Extracted records:
-=-=-=-=-

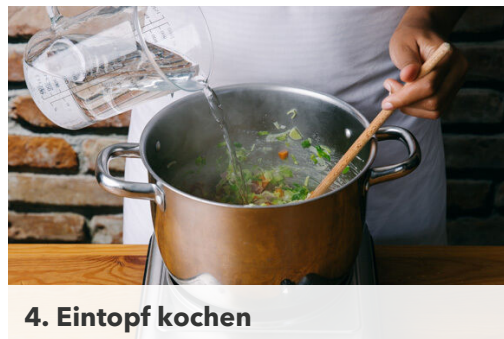
4. Eintopf kochen

In einem großen Topf 2EL Pflanzenöl bei starker Hitze erwärmen. Den Lauch , die Zwiebeln , die Karotten und die Knoblauchscheibchen in das heiße Öl geben, mit 2EL Mehl bestäuben und 2-3Min. scharf anbraten, bis leichte Röstspuren zu sehen sind.
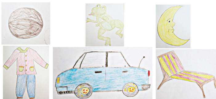
RYSUNEK 1. Przykładowy garaż

Chłopiec przynosi trzy ulubione samochody. Następnie dla każdego wybiera po pięć obrazków. Na każdym znajdują się rysunki zawierające ćwiczoną głoskę. Zadaniem dziecka jest zbudowanie garażu i opowiedzenie o tym, co znajduje się na obrazkach.
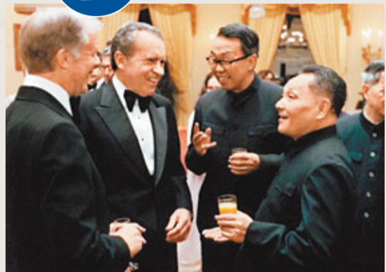
鄧小平訪美期間與卡特、尼克松出席晚宴。
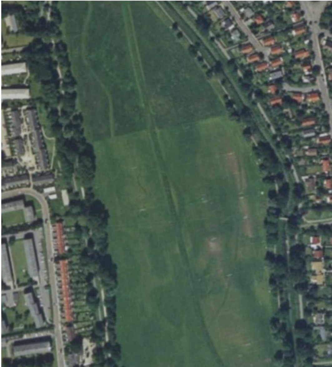
Figur 5 Luftfoto 1995. Også de centrale dele af engen bruges som boldbaner, hvorimod den nordlige del ses med mere vildtvoksende, dog ensartet vegetation. Billedet svarer her nogen lunde til det, vi ser i dag.
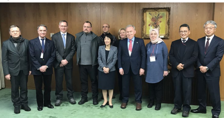
▲高橋知事表敬（前田理事、大使8名：インドネシア、アルゼンチン、トルコ、ポーランド、ルーマニア、クロアチア、ブルガリア、ルクセンブルク）2/7
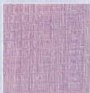
VJ - 0005
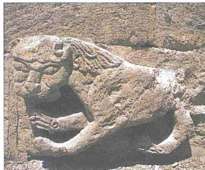
Kahire'de Burcû's-sika cephesinde Sultan Baybars el-Bundukdârî'nin rengi aslan kabartması ile Mencek el-Yûsufî Silâhdar Sarayı kapısında silâhdarın rengi kılıç

Renklerin yer alacağı genellikle daire şeklindeki zemin "şatfe" denilen yatay çizgilerle ikiye, üçe veya satranç tahtası biçiminde karelere ayrılırdı. Hükümdarın renkleri (er-rünûkü's-sultâniyye) bayrak üzerine işlenir, paralara basılır, kullanılan eşyaya özelliğine göre ahşap veya taşsa oyma, cam veya seramikse boyayıp fırınlama, kumaşsa boyama veya aplike, halıysa dokuma, metalse çalma veya kakma tekniğiyle nakşedilirdi. Bu armalar saray, medrese, hastahane, dükkân gibi binaların cephelerine kabartma olarak yerleştirilirdi. Yine çeşitli renklerdeki armalar at ve develerin eyer ve semerlerinin üzerindeki kumaşlara nakşedilirdi. Değerli madenlere nakşedilen renkler sultan veya önemli biri karışılırken şehrin girişlerine, temizlenip
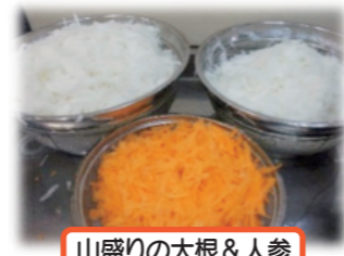
山盛りの大根&人参
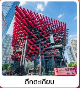
ตึกตะเกียบ
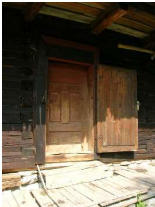
34 detail dverí a drevenej podlahy podsteny
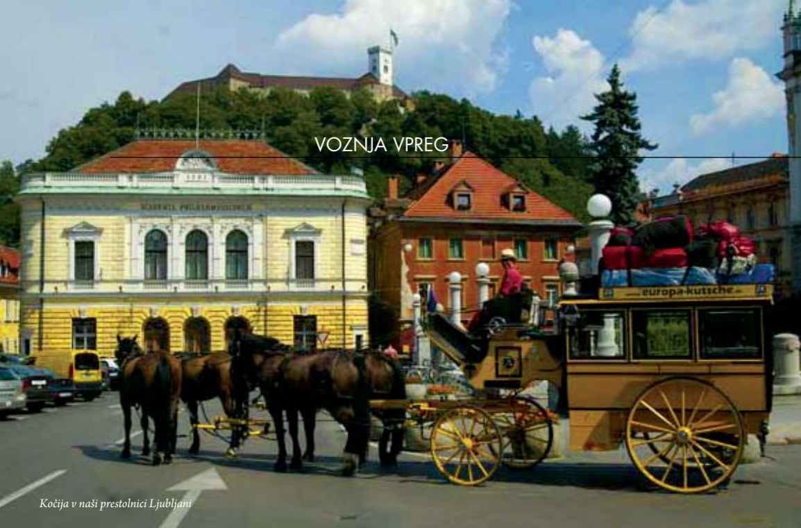
Kočija v naši prestolnici Ljubljani

nas je visoko na prelazih presenetil sneg, zdaj pa se potimo na vročem poletnem soncu – in seveda zaradi različnih zemljepisnih leg dežel, skozi katere potujeva. Konji bolj trpijo zaradi vročine, se bolj potijo, nadlega so muhe in mušice. Ni vedno prijetno, se pa navadimo tudi na to.«
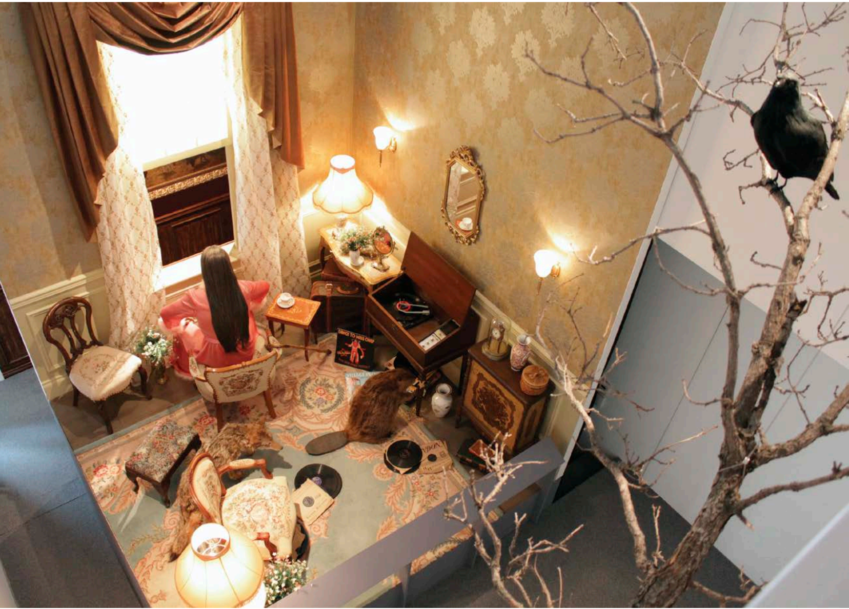
Kent Monkman , The Collapsing of Time and Space in an Ever Expanding Universe , 2011. Installation multimédia/ Multimedia installation, 6,4 X 4,2 X 4,9 cm. Photo : avec l'aimable autorisation de/ Courtesy of Plug In ICA, Collection of La Maison Rouge.

-=-=-=-=-

Could you write out the records again exactly, omitting each image?

Result of this exercise:
4. Eintopf kochen

In einem großen Topf 2EL Pflanzenöl bei starker Hitze erwärmen. Den Lauch , die Zwiebeln , die Karotten und die Knoblauchscheibchen in das heiße Öl geben, mit 2EL Mehl bestäuben und 2-3Min. scharf anbraten, bis leichte Röstspuren zu sehen sind.
RYSUNEK 1. Przykładowy garaż

Chłopiec przynosi trzy ulubione samochody. Następnie dla każdego wybiera po pięć obrazków. Na każdym znajdują się rysunki zawierające ćwiczoną głoskę. Zadaniem dziecka jest zbudowanie garażu i opowiedzenie o tym, co znajduje się na obrazkach.
鄧小平訪美期間與卡特、尼克松出席晚宴。
Figur 5 Luftfoto 1995. Også de centrale dele af engen bruges som boldbaner, hvorimod den nordlige del ses med mere vildtvoksende, dog ensartet vegetation. Billedet svarer her nogen lunde til det, vi ser i dag.
▲高橋知事表敬（前田理事、大使8名：インドネシア、アルゼンチン、トルコ、ポーランド、ルーマニア、クロアチア、ブルガリア、ルクセンブルク）2/7
VJ - 0005
Kahire'de Burcû's-sika cephesinde Sultan Baybars el-Bundukdârî'nin rengi aslan kabartması ile Mencek el-Yûsufî Silâhdar Sarayı kapısında silâhdarın rengi kılıç

Renklerin yer alacağı genellikle daire şeklindeki zemin "şatfe" denilen yatay çizgilerle ikiye, üçe veya satranç tahtası biçiminde karelere ayrılırdı. Hükümdarın renkleri (er-rünûkü's-sultâniyye) bayrak üzerine işlenir, paralara basılır, kullanılan eşyaya özelliğine göre ahşap veya taşsa oyma, cam veya seramikse boyayıp fırınlama, kumaşsa boyama veya aplike, halıysa dokuma, metalse çalma veya kakma tekniğiyle nakşedilirdi. Bu armalar saray, medrese, hastahane, dükkân gibi binaların cephelerine kabartma olarak yerleştirilirdi. Yine çeşitli renklerdeki armalar at ve develerin eyer ve semerlerinin üzerindeki kumaşlara nakşedilirdi. Değerli madenlere nakşedilen renkler sultan veya önemli biri karışılırken şehrin girişlerine, temizlenip
山盛りの大根&人参
ตึกตะเกียบ
34 detail dverí a drevenej podlahy podsteny
Kočija v naši prestolnici Ljubljani

nas je visoko na prelazih presenetil sneg, zdaj pa se potimo na vročem poletnem soncu – in seveda zaradi različnih zemljepisnih leg dežel, skozi katere potujeva. Konji bolj trpijo zaradi vročine, se bolj potijo, nadlega so muhe in mušice. Ni vedno prijetno, se pa navadimo tudi na to.«
Kent Monkman , The Collapsing of Time and Space in an Ever Expanding Universe , 2011. Installation multimédia/ Multimedia installation, 6,4 X 4,2 X 4,9 cm. Photo : avec l'aimable autorisation de/ Courtesy of Plug In ICA, Collection of La Maison Rouge.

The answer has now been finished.